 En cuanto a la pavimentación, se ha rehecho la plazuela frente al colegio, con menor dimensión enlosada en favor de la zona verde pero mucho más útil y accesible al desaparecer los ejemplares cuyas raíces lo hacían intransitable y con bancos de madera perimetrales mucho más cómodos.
--
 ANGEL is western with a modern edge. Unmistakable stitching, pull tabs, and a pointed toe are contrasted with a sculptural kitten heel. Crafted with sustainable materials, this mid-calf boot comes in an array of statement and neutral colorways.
* * *
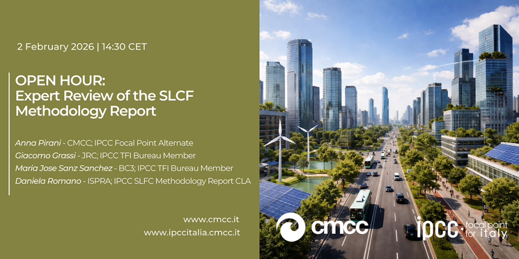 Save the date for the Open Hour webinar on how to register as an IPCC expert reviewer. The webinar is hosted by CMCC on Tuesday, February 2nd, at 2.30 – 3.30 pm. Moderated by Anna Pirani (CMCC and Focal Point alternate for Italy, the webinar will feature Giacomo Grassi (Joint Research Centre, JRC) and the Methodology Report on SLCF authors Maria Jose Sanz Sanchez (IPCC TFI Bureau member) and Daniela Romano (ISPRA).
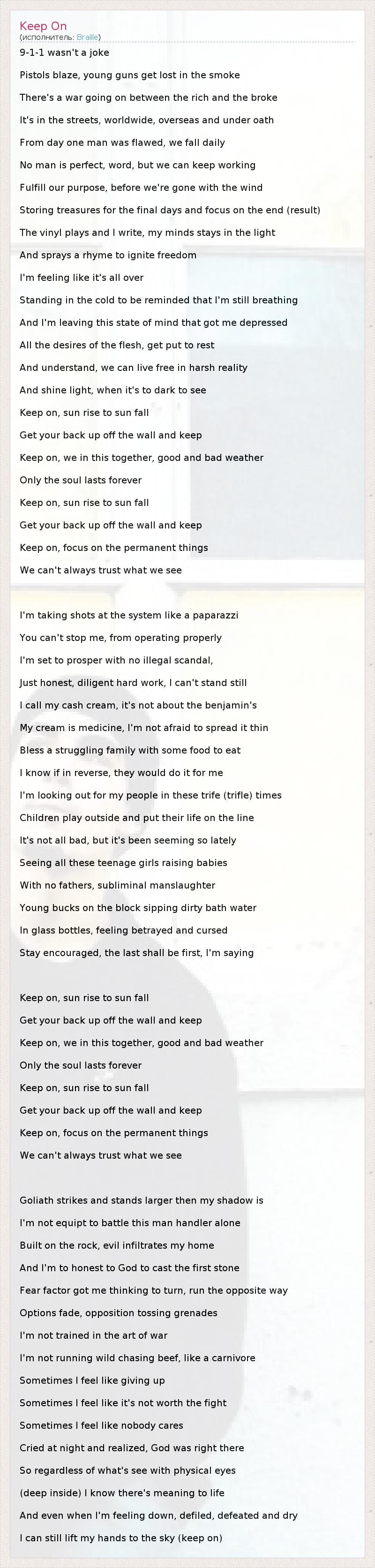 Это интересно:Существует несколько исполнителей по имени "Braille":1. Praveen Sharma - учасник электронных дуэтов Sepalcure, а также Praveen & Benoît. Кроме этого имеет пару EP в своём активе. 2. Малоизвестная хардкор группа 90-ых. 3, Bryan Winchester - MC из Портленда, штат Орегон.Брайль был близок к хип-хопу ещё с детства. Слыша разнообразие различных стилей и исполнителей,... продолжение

REQUIRED ACTION
Find the line with "Save the date" in the data above, and from there retype each line exactly through the line with "Это интересно:Существует несколько", skipping the pictures along the way.

EXERCISE SOLUTION
 Save the date for the Open Hour webinar on how to register as an IPCC expert reviewer. The webinar is hosted by CMCC on Tuesday, February 2nd, at 2.30 – 3.30 pm. Moderated by Anna Pirani (CMCC and Focal Point alternate for Italy, the webinar will feature Giacomo Grassi (Joint Research Centre, JRC) and the Methodology Report on SLCF authors Maria Jose Sanz Sanchez (IPCC TFI Bureau member) and Daniela Romano (ISPRA).
 Это интересно:Существует несколько исполнителей по имени "Braille":1. Praveen Sharma - учасник электронных дуэтов Sepalcure, а также Praveen & Benoît. Кроме этого имеет пару EP в своём активе. 2. Малоизвестная хардкор группа 90-ых. 3, Bryan Winchester - MC из Портленда, штат Орегон.Брайль был близок к хип-хопу ещё с детства. Слыша разнообразие различных стилей и исполнителей,... продолжение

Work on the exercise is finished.